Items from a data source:

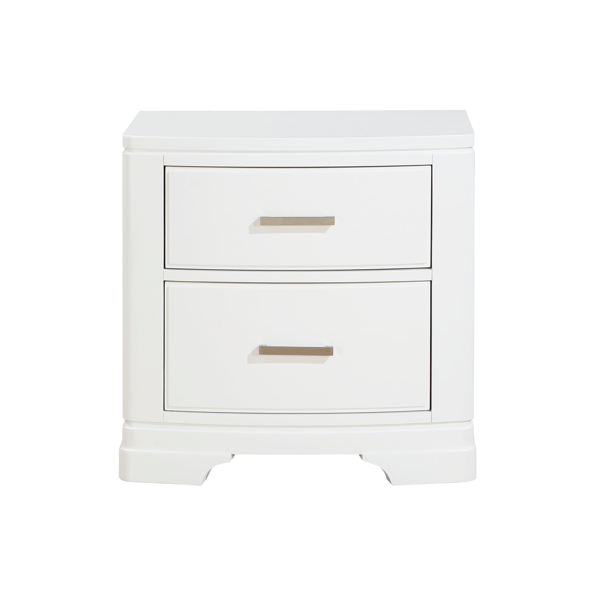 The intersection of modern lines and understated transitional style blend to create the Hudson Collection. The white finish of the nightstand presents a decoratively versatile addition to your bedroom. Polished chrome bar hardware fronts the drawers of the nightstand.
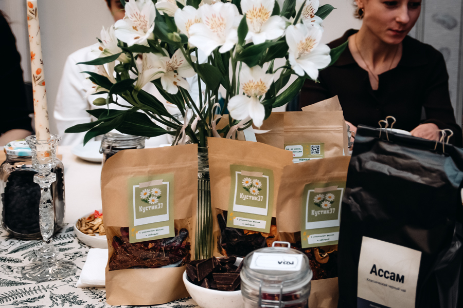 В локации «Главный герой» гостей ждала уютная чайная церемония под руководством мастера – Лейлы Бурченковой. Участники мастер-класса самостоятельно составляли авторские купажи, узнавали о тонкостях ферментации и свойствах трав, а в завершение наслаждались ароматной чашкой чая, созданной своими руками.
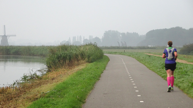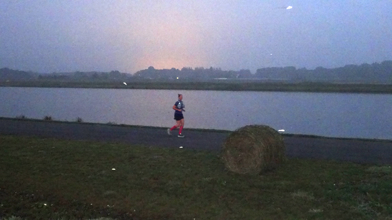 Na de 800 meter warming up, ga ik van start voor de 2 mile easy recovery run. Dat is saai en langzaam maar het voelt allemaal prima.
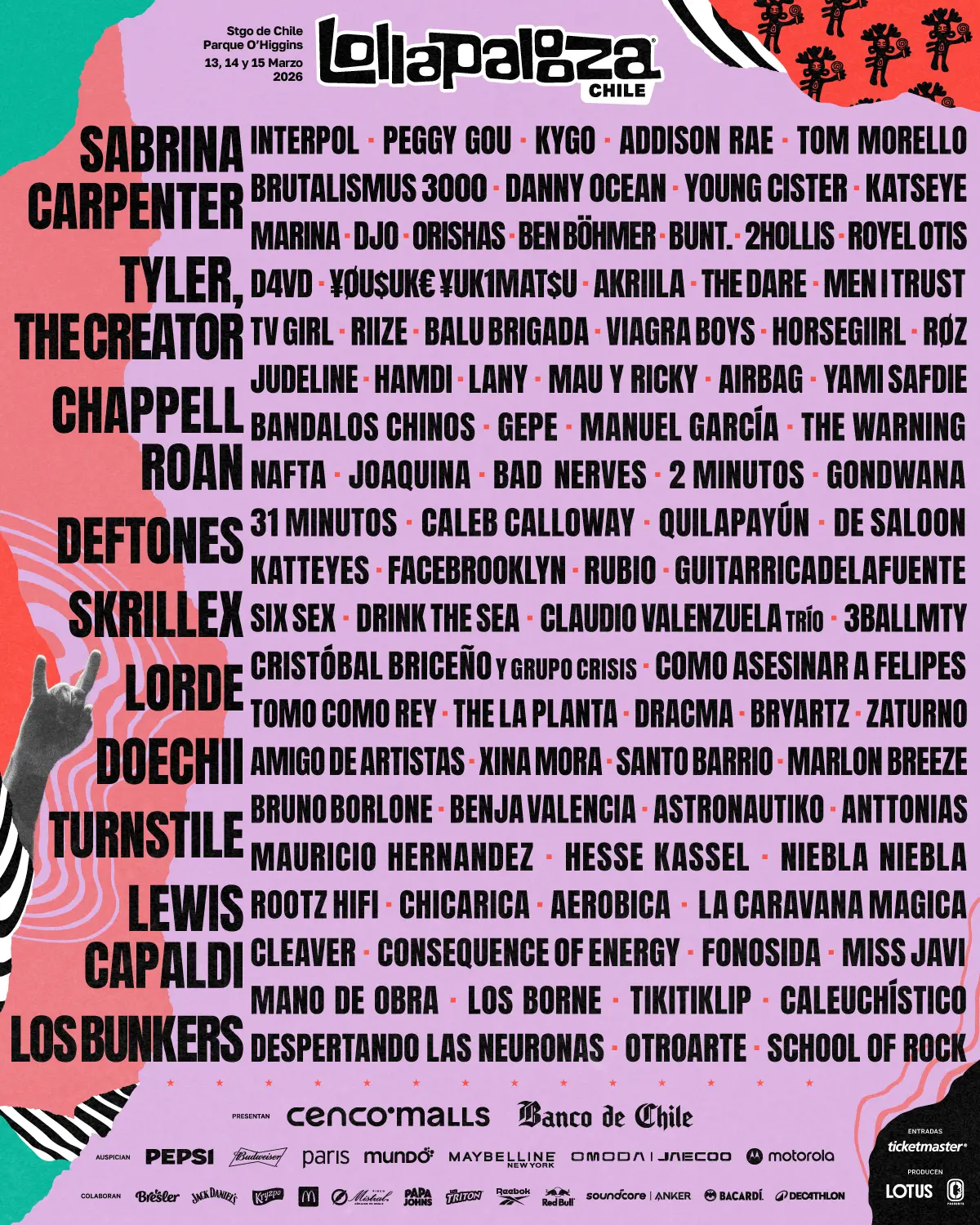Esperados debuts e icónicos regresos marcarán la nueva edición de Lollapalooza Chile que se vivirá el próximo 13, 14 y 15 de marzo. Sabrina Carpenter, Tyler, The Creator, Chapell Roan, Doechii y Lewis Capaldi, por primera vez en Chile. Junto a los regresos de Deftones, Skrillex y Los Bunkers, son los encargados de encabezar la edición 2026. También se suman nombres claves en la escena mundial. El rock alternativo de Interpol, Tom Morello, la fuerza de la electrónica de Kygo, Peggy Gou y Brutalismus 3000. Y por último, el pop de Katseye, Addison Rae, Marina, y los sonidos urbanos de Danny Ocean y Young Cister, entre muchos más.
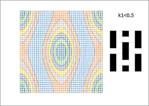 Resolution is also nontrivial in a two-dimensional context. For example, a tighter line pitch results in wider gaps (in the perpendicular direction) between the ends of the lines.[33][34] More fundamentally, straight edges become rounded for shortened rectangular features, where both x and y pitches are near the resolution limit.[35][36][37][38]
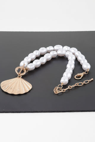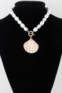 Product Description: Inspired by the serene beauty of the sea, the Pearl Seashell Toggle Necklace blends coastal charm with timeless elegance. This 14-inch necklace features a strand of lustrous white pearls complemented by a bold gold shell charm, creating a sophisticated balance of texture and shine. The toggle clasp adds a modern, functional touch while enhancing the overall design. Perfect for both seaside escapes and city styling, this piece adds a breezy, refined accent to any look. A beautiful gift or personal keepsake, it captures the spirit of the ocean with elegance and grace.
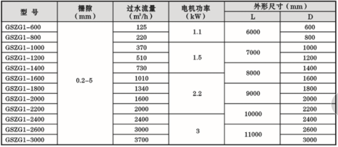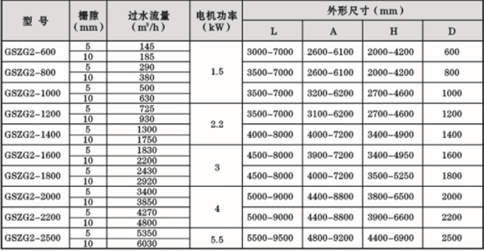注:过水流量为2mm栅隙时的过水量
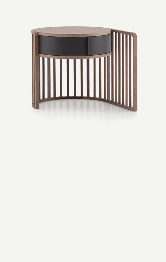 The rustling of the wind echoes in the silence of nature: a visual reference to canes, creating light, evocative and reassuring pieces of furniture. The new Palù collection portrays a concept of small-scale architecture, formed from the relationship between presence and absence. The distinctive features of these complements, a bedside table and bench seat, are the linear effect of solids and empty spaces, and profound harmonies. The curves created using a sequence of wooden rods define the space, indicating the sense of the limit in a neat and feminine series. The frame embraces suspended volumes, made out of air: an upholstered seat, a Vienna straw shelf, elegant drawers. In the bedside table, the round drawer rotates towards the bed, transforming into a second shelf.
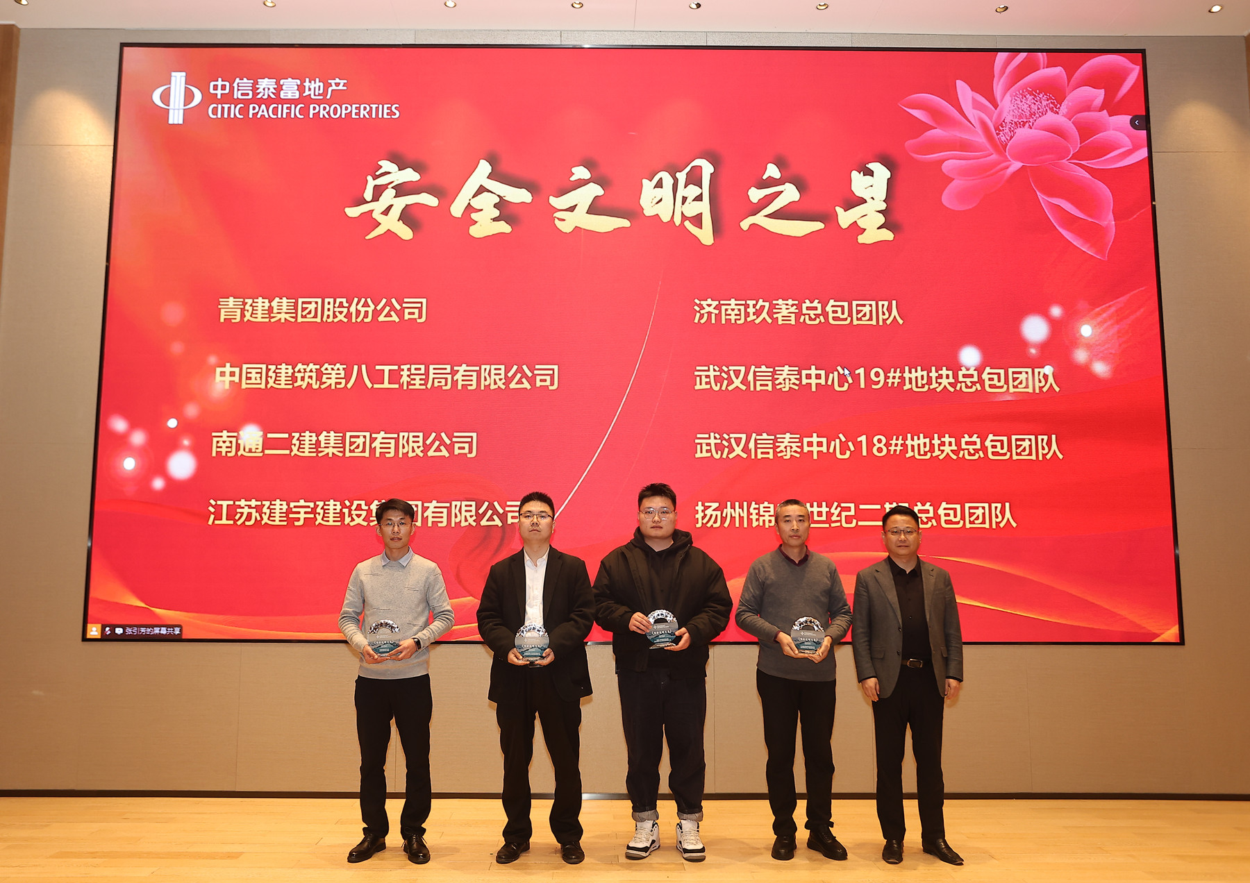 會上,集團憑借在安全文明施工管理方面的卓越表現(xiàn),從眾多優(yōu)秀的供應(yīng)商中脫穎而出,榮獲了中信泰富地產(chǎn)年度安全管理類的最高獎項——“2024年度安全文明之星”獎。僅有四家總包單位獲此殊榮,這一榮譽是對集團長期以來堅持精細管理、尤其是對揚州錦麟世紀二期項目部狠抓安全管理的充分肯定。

● Work to complete: Of the lines above, quote exactly those from the one with "Resolution is also" through the one with "注:过水流量为2mm栅隙时的过水量", ends included; pictures stay out.

● Response for this exercise:
 Resolution is also nontrivial in a two-dimensional context. For example, a tighter line pitch results in wider gaps (in the perpendicular direction) between the ends of the lines.[33][34] More fundamentally, straight edges become rounded for shortened rectangular features, where both x and y pitches are near the resolution limit.[35][36][37][38]
 Product Description: Inspired by the serene beauty of the sea, the Pearl Seashell Toggle Necklace blends coastal charm with timeless elegance. This 14-inch necklace features a strand of lustrous white pearls complemented by a bold gold shell charm, creating a sophisticated balance of texture and shine. The toggle clasp adds a modern, functional touch while enhancing the overall design. Perfect for both seaside escapes and city styling, this piece adds a breezy, refined accent to any look. A beautiful gift or personal keepsake, it captures the spirit of the ocean with elegance and grace.
注:过水流量为2mm栅隙时的过水量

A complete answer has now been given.